The HK4 is a pocket pistol, first introduced by Heckler & Koch in either 1964 or 1967. It was distinctive for allowing shooters to swap barrels chambered for different cartridges without tools and for having a durable but light hard-anodized aluminum-alloy frame.

==Design==
The HK4 is largely a refined Mauser HSc self-loading pistol. Heckler & Koch were familiar with the HSc design as many of the Heckler & Koch company founders were employees of the Mauser-Werke Oberndorf A.G. company pre- and post-WW2.

Similar to the HSc, the HK4 utilizes a straight blowback action, with a double-action trigger and a slide-mounted safety. Additionally, the pistol has an internal safety mechanism that will keep the firing pin misaligned from the hammer until the trigger is pulled.

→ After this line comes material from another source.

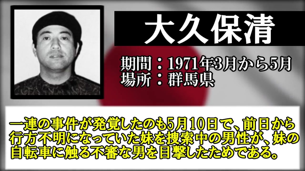 日本のシリアルキラーで、犠牲者数が特に多い10人を紹介します。第二次世界大戦後が対象です。<br>後半→<a href="https://www.nicovideo.jp/watch/sm38986333" class="watch">sm38986333</a><br><br>事件解説動画 <a href="https://www.nicovideo.jp/mylist/64999876" target="_blank" rel="noopener">mylist/64999876</a><br>事件と映画紹介動画 <a href="https://www.nicovideo.jp/mylist/61925498" target="_blank" rel="noopener">mylist/61925498</a><br><br>質問、意見、リクエスト等はコメントもしくはこちらへ。<br>質問箱 <a href="https://peing.net/ja/isofula_bonn" target="_blank" rel="noopener nofollow">https://peing.net/ja/isofula_bonn</a><br>Twitter <a href="https://twitter.com/Isofula_Bonn" target="_blank" rel="noopener nofollow">https://twitter.com/Isofula_Bonn</a><br>YouTube <a href="https://www.youtube.com/channel/UCs5Z_B6x-ZuoSIibt5tNdog" target="_blank" rel="noopener nofollow">https://www.youtube.com/channel/UCs5Z_B6x-ZuoSIibt5tNdog</a>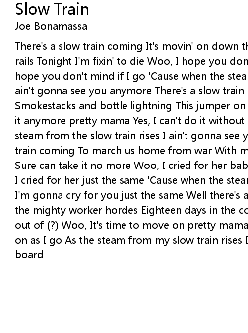 There's a slow train coming It's movin' on down the line Steel wheels on iron rails Tonight I'm fixin' to die Woo, I hope you don't mind pretty mama Woo-hoo, hope you don't mind if I go 'Cause when the steam from the slow train rises I ain't gonna see you anymore There's a slow train coming Coming right on time Smokestacks and bottle lightning This jumper on the line Woo, I can't do without it anymore pretty mama Yes, I can't do it without it anymore 'Cause when the steam from the slow train rises I ain't gonna see you anymore There's a slow train coming To march us home from war With my leather boots and my haversack Sure can take it no more Woo, I cried for her baby when I saw you there Woo-hoo, I cried for her just the same 'Cause when the steam from the slow train rises I'm gonna cry for you just the same Well there's a slow train coming Carrying the mighty worker hordes Eighteen days in the cotton field Enough to put a man out of (?) Woo, It's time to move on pretty mama Woo-hoo, Yes it's time to move on as I go As the steam from my slow train rises It's time for me to get on board |

Switching between the three different centerfire chamberings (6.35mm Browning .25 ACP, 7.65mm Browning a.k.a. .32 ACP, 9mm short a.k.a. .380 ACP) merely requires swapping the barrel and recoil spring assembly and the magazine. Switching between the centerfire chamberings and rimfire chambering (.22 LR) also involves a further step of loosening a screw on the breech face and rotating the removable breech face to either the centerfire or rimfire position.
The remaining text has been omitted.